The World Bank Forecasts Global Poverty to Fall Below 10% for First Time (…)

The World Bank Forecasts Global Poverty to Fall Below 10% for First Time (…)

The number of people worldwide living in extreme poverty is likely to fall below the ten percent of the total world population. That is what the World Bank predicts and announced at its annual meeting last week in Lima, Peru. The report shows that the 25-year-long efforts bring the world closer to the goal of poverty to a halt by 2030.In 2012, 12.8 percent of the total world population (902 million people), lived in poverty, for ‘only’ 702 million this year.

Never before has the World Bank saw this number under the ten percent threshold. In fact, in order to take account of the inflation, the World Bank has increased the poverty line from US$1.25 to US$1.90 per day. This new poverty line takes into account new information about the difference in cost of living in different countries, but does retain the real purchasing power of the previous poverty line of US$1.25.

However, the situation in sub-Saharan Desert remains ‘extremely worrying’: it drops the number of 42.6 percent in 2012 to 35.2 percent this year. The Maghreb and the Middle East, says the World Bank, do not have reliable data because of the many conflicts there.

The decrease is primarily due to strong growth in developing countries in Asia, such as India and Latin America. That said the World Bank President Jim Yong Kim, who spoke of “the best story in the world today”.

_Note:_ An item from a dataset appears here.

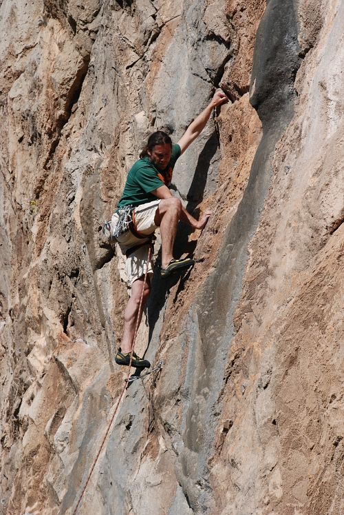 Místní lezec Erkin v cestě Zerdüst, 10-

In April 2013, nine months after Kim became president, the World Bank focused on the goal to eliminate global poverty by 2030 and to increase global prosperity by increasing the incomes of the lowest 40 percent of the population. “This new prediction (…) should help us sharpen focus on the most effective strategies in extreme poverty to halting” Kim said. “It will be extremely difficult, especially in a period of slower global growth and volatile financial markets, conflict, high unemployment among the youth and the growing impact of climate change. But it remains attainable, as long as our high expectations match the plan to help the millions of people still live in extreme poverty.”